Using the records below, quote only the span that opens with the line containing "香港文匯報訊 全國政協教科文" and closes with the line containing "Ha pörög a bolt, kettessel viszik a taxikat", exactly and inclusively.

## INFORMATION GIVEN
>>>

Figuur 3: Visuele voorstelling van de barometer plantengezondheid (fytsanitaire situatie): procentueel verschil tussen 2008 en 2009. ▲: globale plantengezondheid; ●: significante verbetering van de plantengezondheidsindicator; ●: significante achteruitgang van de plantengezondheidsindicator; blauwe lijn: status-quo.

<<<
>>>

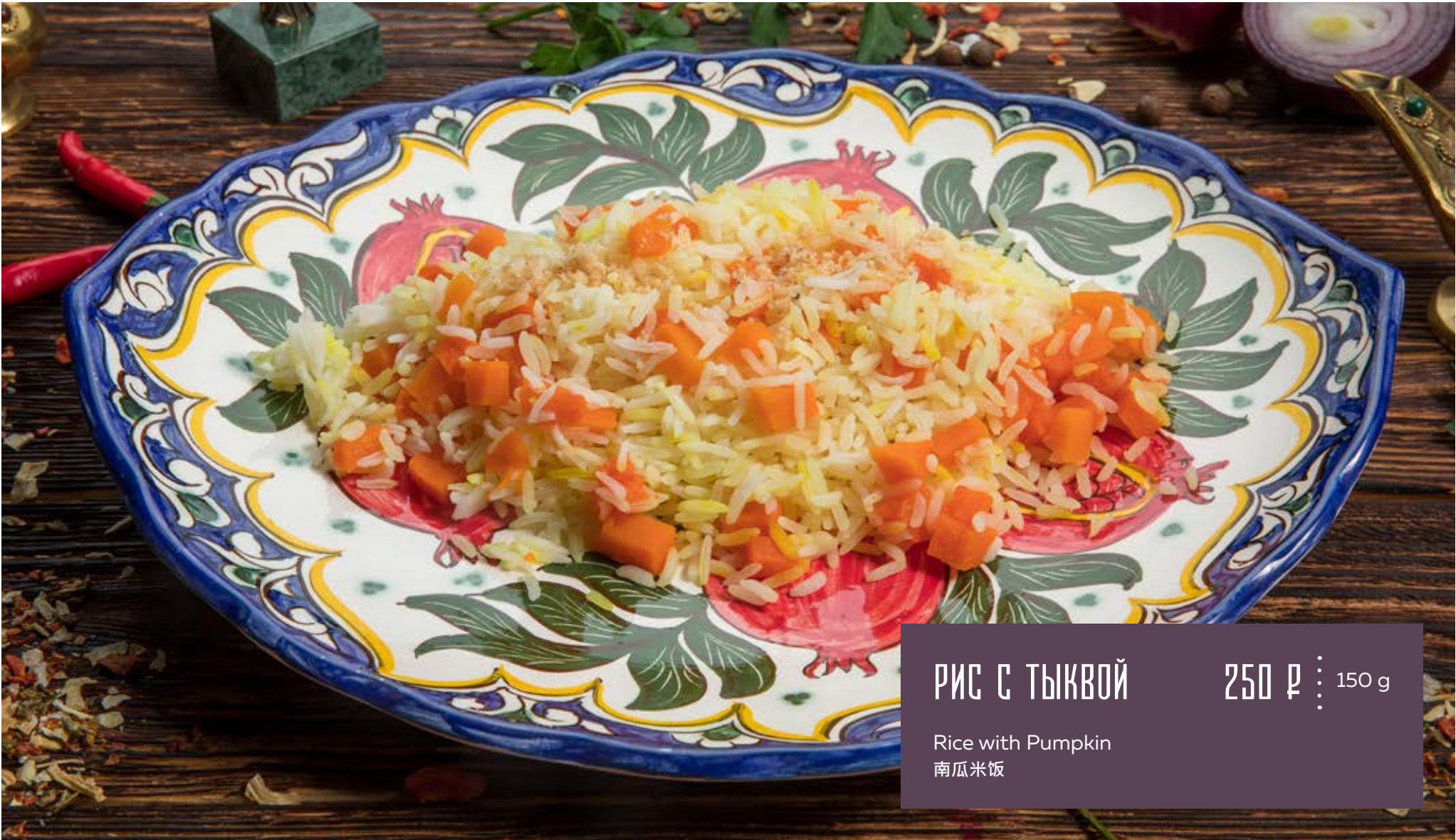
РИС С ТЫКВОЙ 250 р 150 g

<<<
>>>

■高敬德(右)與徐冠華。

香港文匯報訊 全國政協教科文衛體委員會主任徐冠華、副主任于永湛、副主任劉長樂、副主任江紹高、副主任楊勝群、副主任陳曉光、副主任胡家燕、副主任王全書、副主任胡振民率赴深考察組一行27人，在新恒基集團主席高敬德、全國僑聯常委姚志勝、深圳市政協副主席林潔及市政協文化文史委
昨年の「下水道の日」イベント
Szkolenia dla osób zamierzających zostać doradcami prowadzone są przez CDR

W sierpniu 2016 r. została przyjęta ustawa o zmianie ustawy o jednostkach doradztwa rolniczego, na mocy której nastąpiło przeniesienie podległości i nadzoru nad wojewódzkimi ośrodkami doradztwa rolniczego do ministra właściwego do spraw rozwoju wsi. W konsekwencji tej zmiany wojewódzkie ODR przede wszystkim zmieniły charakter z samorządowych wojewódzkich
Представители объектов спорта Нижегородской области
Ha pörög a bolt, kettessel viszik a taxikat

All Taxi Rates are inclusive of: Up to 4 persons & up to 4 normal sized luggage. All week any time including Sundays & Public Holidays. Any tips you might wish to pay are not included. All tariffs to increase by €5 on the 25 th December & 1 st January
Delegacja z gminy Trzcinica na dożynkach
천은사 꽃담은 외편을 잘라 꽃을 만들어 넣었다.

<<<

## SOLUTION TO THIS TASK
香港文匯報訊 全國政協教科文衛體委員會主任徐冠華、副主任于永湛、副主任劉長樂、副主任江紹高、副主任楊勝群、副主任陳曉光、副主任胡家燕、副主任王全書、副主任胡振民率赴深考察組一行27人，在新恒基集團主席高敬德、全國僑聯常委姚志勝、深圳市政協副主席林潔及市政協文化文史委
昨年の「下水道の日」イベント
Szkolenia dla osób zamierzających zostać doradcami prowadzone są przez CDR

W sierpniu 2016 r. została przyjęta ustawa o zmianie ustawy o jednostkach doradztwa rolniczego, na mocy której nastąpiło przeniesienie podległości i nadzoru nad wojewódzkimi ośrodkami doradztwa rolniczego do ministra właściwego do spraw rozwoju wsi. W konsekwencji tej zmiany wojewódzkie ODR przede wszystkim zmieniły charakter z samorządowych wojewódzkich
Представители объектов спорта Нижегородской области
Ha pörög a bolt, kettessel viszik a taxikat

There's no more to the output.